Using the measured values of height and weight, BMI was calculated using the formula, BMI=W/H², where W=weight in kg, H=height in meters (20). BMI was categorised according to the World Health Organisation (WHO) Asia-pacific classification, where BMI of <18.5 kg/m2 was considered as underweight, 18.5-22.9 kg/m2 as normal BMI, 23-24.9 kg/m2 as overweight and obese when BMI was >25 kg/m2 (21). The smoking burden was expressed as pack-years, which is the product of the average number of cigarettes smoked in a day and the duration of smoking in years (22).
Statistical Analysis
Statistical Package for the Social Sciences (SPSS) version 20.0 was used for the analysis of data. Qualitative data was represented as frequency and percentage whereas quantitative data were expressed as mean±Standard Deviation (SD) for both case and control groups. Independent t-test was used to compare the values of serum TBARS, GSH, lipid profile and BMI between case and control groups. Correlation between serum TBARS, GSH, lipid profile parameters and BMI in cases was done by using Pearson’s correlation test. The p<0.05 was considered to be statistically significant.
In the present study, the mean age of cases were 40.38±14.96 years whereas among controls the mean age was 45.98±14.96 years (p=0.216).
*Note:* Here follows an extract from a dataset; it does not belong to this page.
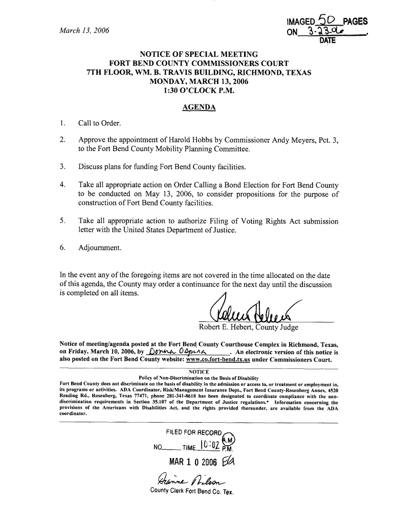 '5IMAGED D PAGES ON J. March 13, 2006DATE NOTICE OF SPECIAL MEETING FORT BEND COUNTY COMMISSIONERS COURT 7TH FLOOR, WM. B. TRAVIS BUILDING, RICHMOND, TEXAS MONDAY, MARCH 13, 2006 1:30. AGENDA 1. Call

No significant difference was observed between cases and control in terms of gender (p=0.451) and family history of hypertension (p=0.664) (Table/Fig 2). There was a significant association of BMI with cases and controls (p=0.001) (Table/Fig 3). The intensity of smoking, expressed as pack-years in cases, was on average 7.89 with a standard deviation of 4.5.
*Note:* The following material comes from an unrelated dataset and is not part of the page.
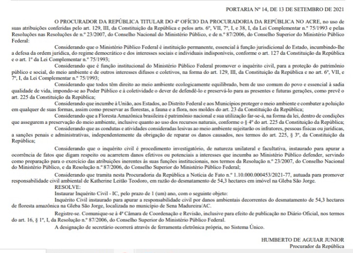 A portaria de investigação foi publicada, nesta quarta-feira, 15, no Diário Oficial do MPF, e assinada pelo procurador da República Humberto de Aguiar Junior. Com uma população estimada em 46.511 habitantes e um território de 25.278 km², Sena Madureira é uma das cidades que mais desmatam na Amazônia.

(Table/Fig 4) demonstrates that mean TC level, TAG, LDL-C, TBARS among cases were comparatively higher than controls and the difference was found to be statistically significant (p-value=0.001). A significant decrease in serum GSH was observed in cases compared to controls (p-value=0.001). There was no statistically significant difference in HDL-C and VLDL-C levels between the cases and controls (p=0.774 and 0.968, respectively). A significant positive correlation of parameters was observed in TC, TAG, LDL-C, VLDL-C and TBARS with the pack-years of smoking among the cases, whereas GSH and HDL-C showed a significant negative correlation with the pack-years (p=0.001). However, BMI did not show significant correlation with the pack-years (Table/Fig 5).
The present study showed elevated levels of serum TC, TAG, LDL-C and MDA and lowered levels of BMI, HDL-C and GSH in hypertensive smokers compared to hypertensive non smokers. Hypertension and dyslipidaemia are the risk factors for the development of cardiovascular diseases (23). The observed higher BMI in hypertensive controls indicated that the majority of this population was obese. Obesity was found to be one of the causative factors for hypertension and cardiovascular disease by the activation of the rennin angiotensin-aldosterone system, increased sympathetic activity, increased insulin resistance, elevated leptin resistance, intense procoagulatory activity and endothelial dysfunction (24).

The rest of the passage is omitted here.